Benford’s Law

Numbers are all around us and with numbers come number patterns. And when we research number patterns, we come across something very interesting. Also known as the Newcomb–Benford law, the law of anomalous numbers or the first-digit law, Benford’s Law is a statistical statement about the occurrence of digits in lists of data and is an observation that in many real-life sets of numerical data, the leading digit is likely to be small.
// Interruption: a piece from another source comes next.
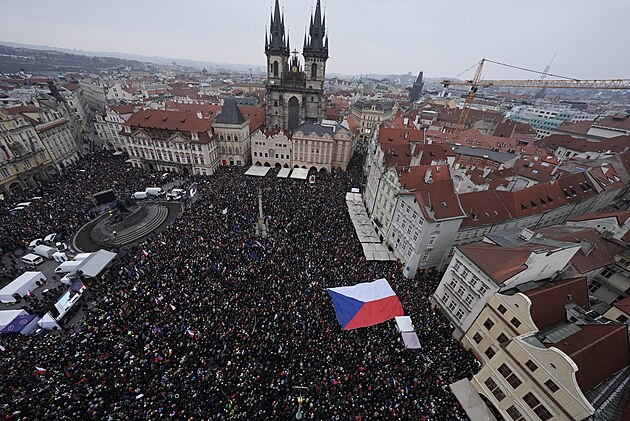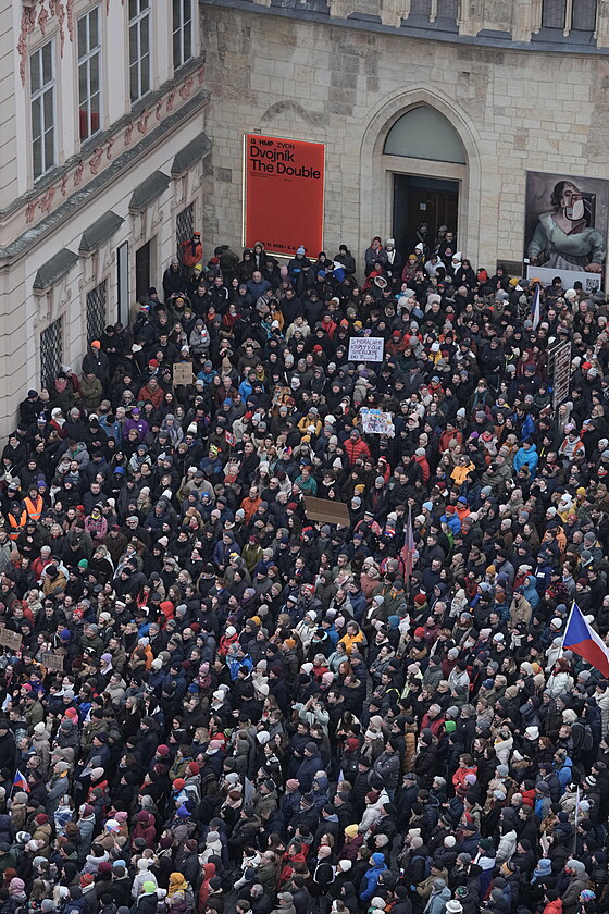 Milion chvilek pořádá v centru Prahy demonstraci na podporu prezidenta Petra Pavla. (1. února 202)

According to the law, in sets that obey the law, the number 1 appears as the leading significant digit about 30% of the time, while 9 appears as the leading significant digit less than 5% of the time. If the digits were distributed uniformly, they would each occur about 11.1 % of the time. Benford’s Law also makes predictions about the distribution of second digits, third digits, digit combinations, and so on. The law is named after physicist Frank Benford, who stated it in 1938 in a paper titled “The Law of Anomalous Numbers”, although it had been previously stated by Simon Newcomb in 1881 and is similar in concept, though not identical in distribution, to the Zipf’s law. So according to Benford’s Law, the finding that the first digits or numerals to be exact of the numbers found in series of records of the most varied sources do not display a uniform distribution, but rather are arranged in such a way that the digit “1” is the most frequent, followed by “2”, “3”, and so in a successively decreasing manner down to “9”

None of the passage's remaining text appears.